El velo de la ilusión se poso ante mis ojos. Con el puesto todo parecía por fin haberse estabilizado, parecía que los problemas empezaban a disiparse, el presente parecía esperanzador y el futuro pintaba totalmente de azul el cielo. Pero tras el día, llega la noche con su cielo encapotado, y  acostada junto a mí, en mi almohada llega la cruda realidad. El velo se cae sobre el frió suelo de mi cuarto y  es entonces cuando me doy cuenta que las cosas cambian de un día para el otro,  y que lo que pensabas ayer puede discrepar totalmente de lo que hoy corre por tu mente. He chocado tantas veces contra la pared que ya casi ni duele.
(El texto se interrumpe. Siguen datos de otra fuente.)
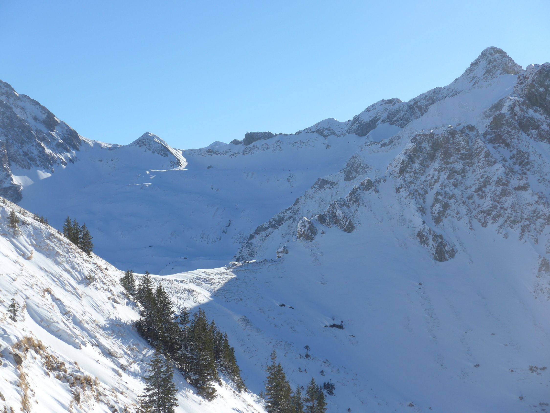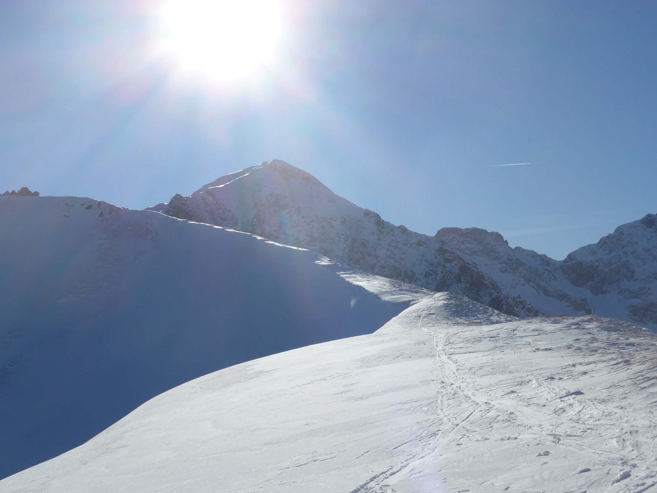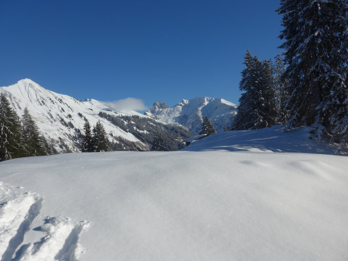 Sehr schöner Pulverschnee oberhalb der Gräsalpe. Nur der Ziehweg hatte apere Stellen. Strahlender Sonnenschein.

Hoy no es ayer, pero hoy va a ser un gran día, como todos, de una manera u otra. Sonrisa en el rostro junto al primer café de la mañana para acarrear todo lo que el día pueda traer consigo. Porque no importa cuántas veces me equivoque, o cuantas veces choque contra la pared, porque aprenderé de ello y seguiré para delante me iré haciendo fuerte tratando de encontrar siempre mi camino. Seré yo misma,sin adornos, sin falsas sonrisas ni falsas palabras,solo yo. Y libre cruzaré el abismo.  

El tiempo dirá

Vuelvo a escribirte unas palabras llenas de esperanza. Me visto de nuevo con sentimientos guardados durante meses bajo mi piel. Pero esta vez soy más fuerte, ya no soy esa persona que te buscaba en cada esquina, que esperaba recibir un mensaje tuyo a cada instante y cada mañana quería encontrarte bajo las sabanas de su cama. Una caricia, un dulce y suave beso sabor a embriaguez y a recuerdos.  Ahora tu, ahora yo. En esta montaña rusa en la que estamos embarcados.. Y no se que pasara a partir de ese beso, si seguiremos siendo amigos, si seguiremos como hasta ahora, o si tendremos una nueva oportunidad. La cuestión es que no tenemos las respuestas, tenemos que  vivir con las preguntas y ver hacía donde nos lleva este camino. Una vez más el tiempo dirá…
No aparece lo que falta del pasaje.